You will find those who argue that there should be no backstory at all in those first chapters. Why not? Because, by definition, backstory is what has happened before your narrative opens, and you want to establish the action first, get the readers locked in on that.
This is, on the surface, sound advice. These days we do not have the leisure time, a la Dickens, to set the stage and do a ton of narrative summary up front. Or, a la Michener, begin with the protozoa of the pre-Cambrian earth and record their evolutionary development into the Texans of today.
I am an advocate of beginning with action (which doesn’t mean, necessarily, car chases or gun fights). The best openings, IMO, show a character in motion. And further, manifesting a “disturbance” to their ordinary world.
I tell writing students, “Act first, explain later.” A big mistake in many manuscripts is that chapter one carries too much exposition. The writer thinks the reader has to know a bunch of character background to understand the action. Mistake. Readers will wait a long time for the explanations when there’s a character in motion, facing a disturbance.
However, I believe in strategic backstory in the opening. I say strategic because you do have a strategy in your opening, one above all—bond your character with the reader.
Without that character bonding, readers are not going to care about the action, at least not as much as they should. Backstory, properly used, helps you get them into the character so there is an emotional connection. Fiction, above all, should create an emotional experience.
I also stress properly used. That means marbled within the action, not standing alone in large blocks over several pages.
The guys who do this really well also happen to be two of the bestselling novelists of our time, King and Koontz. You think that’s a coincidence?
So here’s the simple “rule.” Start with action. Let’s see a character in motion, doing something. Make sure there’s some trouble, even minor, on the page (disturbance) and then you can give us bite-sized bits, or several paragraphs (if you write them well!) of backstory.
An early Koontz (when he was using the pseudonym Leigh Nichols) is Twilight. It opens with a mother and her six-year-old son at a shopping mall (after an opening line that portends trouble, of course). On page one Koontz drops this in:
To Christine, Joey sometimes seemed to be a little old man in a six-year-old boy’s small body. Occasionally he said the most amazingly grown-up things, and he usually had the patience of an adult, and he was often wiser than his years.

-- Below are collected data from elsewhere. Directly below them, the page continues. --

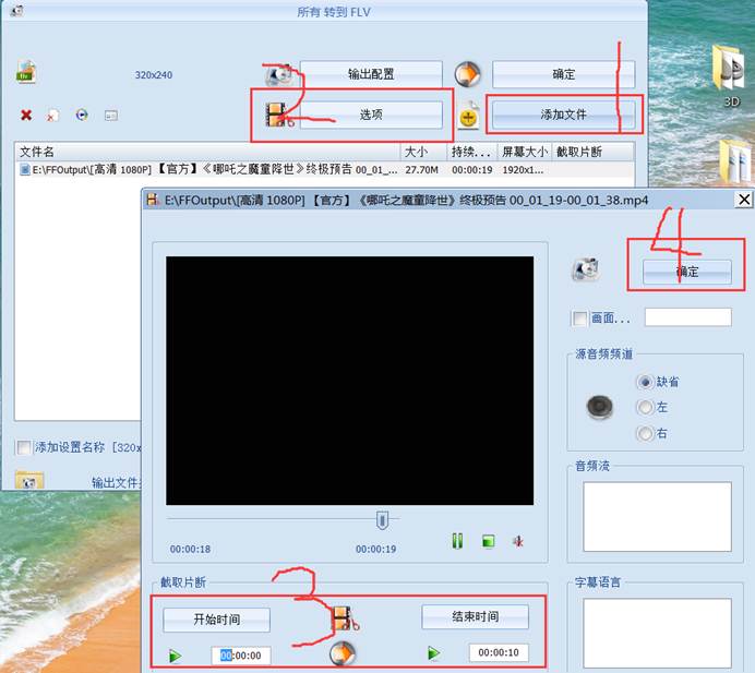 操作指南:“格式工厂”截取视频片段步骤如下图6-3-3所示(以视频转成FLV格式为例):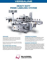 TECHLINE® - Quadrel Labeling Systems - PDF Catalogs | Technical ... TECHLINE® Labeling System TECHLINE® Wraparound Labeling System The TechLine is a high performance, yet economically- priced labeling system for applying labels to cylindrical products of various diameters at up to 200 ppm. ... All Quadrel Labeling Systems catalogs and technical brochures. ECONOLINE® E100. 2 Pages. SL200. 2 Pages. SL300. 2 ... ModuLine Labeling System - Quadrel Labeling Systems - PDF Catalogs ... ML60 - Milk Container Labeling System 1 Pages Front/Back and Top 1 Pages 3-Panel Zero Downtime Labeling System 1 Pages Pharmaceutical Wrap Labeler 1 Pages Q41 Air Blow Applicator 2 Pages Versatile Merge Label Applicator 2 Pages High-Performance Label Applicator 2 Pages Compact, Modular Label Applicator 2 Pages Quadrel Labeling Systems - Mentor, OH | about.me Visit my website. Address: 7670 Jenther Dr. Mentor, OH 44060 USA. Phone: (440) 602-4700. Email: labeling@quadrel.com. Description: "Quadrel Labeling Systems has been a leading manufacturer of pressure sensitive and shrink sleeve application equipment for 30 years. Quadrel's equipment ranges from simple, economically priced systems for smaller ...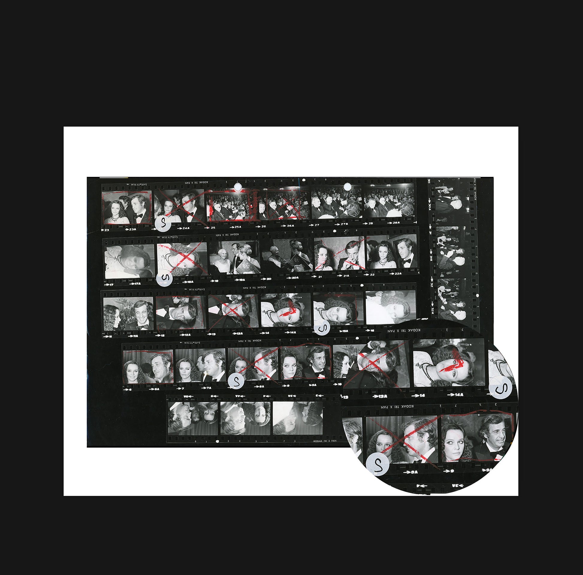 Contact sheet: Belmondo, Antonelli and Jean Gabin, 1974, Paris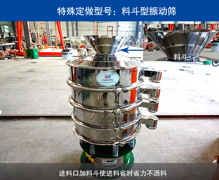 進料口加料斗型振動篩是在普通振動篩的進料口上蓋上加裝一個漏斗型的進料斗,可以在人工加料時節省時間力氣并且進料過程中不會灑料造成物料的浪費。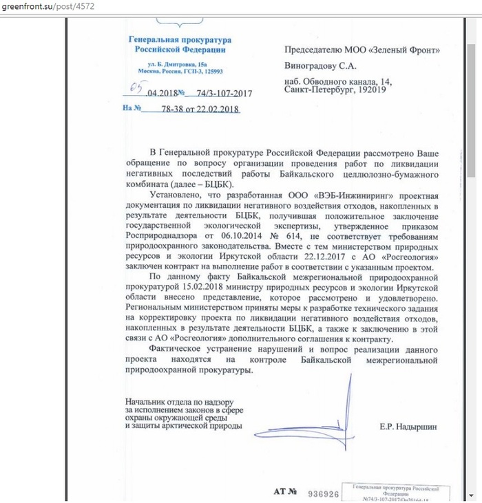 Председатель "Зеленого Фронта" Сергей Виноградов: "К сожалению, "Росгеология" всеми правдами и неправдами пытается "протащить" заведомо ущербный проект. К счастью, Генеральная прокуратура последовательно не дает ей это сделать. Теперь задача и наша, и общественности Иркутской области - детально изучить новое техническое задание, чтобы не дать сомнительным технологиям подтолкнуть Байкал к катастрофе, на грани которой он уже находится много лет. Мы будем запрашивать в правительстве региона всю информацию, касающуюся новой корректировки проекта".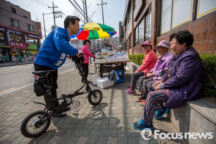 (서울=포커스뉴스) 김영호 더불어민주당 서대문을 후보가 5일 오후 서울 서대문구 백련시장 일대에서 자전거를 타고 주민들을 만나며 한 표를 호소 하고 있다.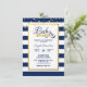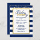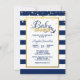 Elegant och modern nautisk design med faux guld conetti och marin blå och vit rand. Babydusch/baby sprinklingade festinbjudningskort. Unisex, könsneutral, pojke eller flicka. Faux guld folieformulering och konetti. All text kan redigeras med teckensnitt och storlekare. Glöm inte att hämta favoritklistermärken och ta med en bok!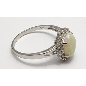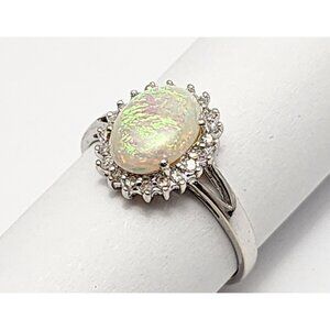Beautiful 14K Karat Solid White Gold Designer White Opal & Diamond Ring - Size 7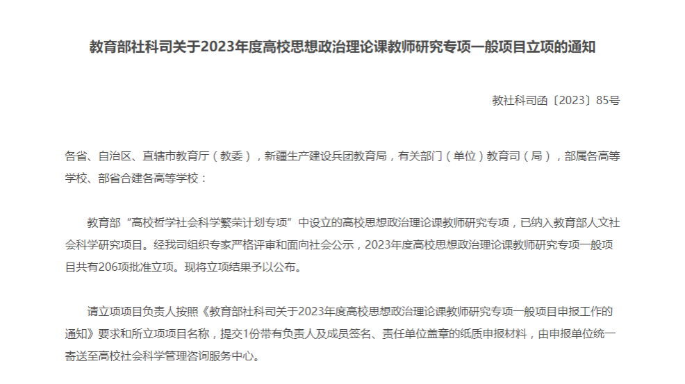 2023年度高校思想政治理论课教师研究专项一般项目包括教学研究项目、教学方法改革择优推广项目、优秀中青年思政课教师择优资助项目和教学研究青年项目四个类别,共计206个项目获得立项。
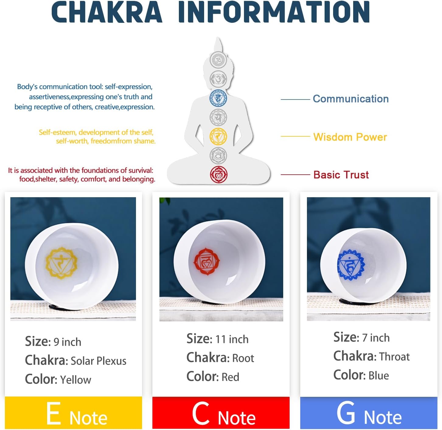 - Package include : chakra crystal singing bowls set (7 inch G note, 9 inch E note, 11 inch C note)*1, Crystal Singing Bowls Carrier Bag*1, Suede Stick*1, Rubber Mallet*1, O-ring*3

But at other times, especially when he asked where his daddy was or why his daddy had gone away––or even when he didn’t ask but just stood there with the question shimmering in his eyes––he looked so innocent, fragile, so heartbreakingly vulnerable that she just had to grab him and hug him.
Koontz bonds us with this Lead through sympathy. We don’t know why the boy’s father isn’t there, but we don’t have to know right away, do we? In this way Koontz also creates a little mystery which makes us want to keep on reading.
Now, a word of warning when writing in first person POV. It’s much easier for the narrator to give us a backstory dump. But the “rule” remains the same: act first, explain later. To see how it’s done, check out the opening chapter of Harlan Coben’s Gone for Good, which begins:
Three days before her death, my mother told me – these weren’t her last words, but they were pretty close – that my brother was still alive.
We then cut to the mother’s funeral, and the narrator, Will Klein, leaving the house to walk through his old neighborhood. He has a specific place he’s going, the place where a terrible murder happened years before. Along the way he describes the setting and drops in some backstory, especially about one night when his big brother explained the “facts of life” to him from a ninth grader’s perspective. It’s a warm, human bit that creates sympathy. But Coben weaves it in with the action, which is about the narrator getting to the murder spot. That happens on the very next page. Very little time is lost to backstory.
Some time ago I interviewed Laura Caldwell, author of the Izzy McNeil series. She told me the following:
“I wish I’d known how to weave in background information instead of dumping it in big chunks. It’s still something I struggle with, although I think I’ve improved a lot. It’s a skill that has to constantly be refined so the background information which gets delivered reads and feels organic right at that point in the story.”
Good point from Laura.
How do you handle backstory in your opening pages? Are you strategic about it?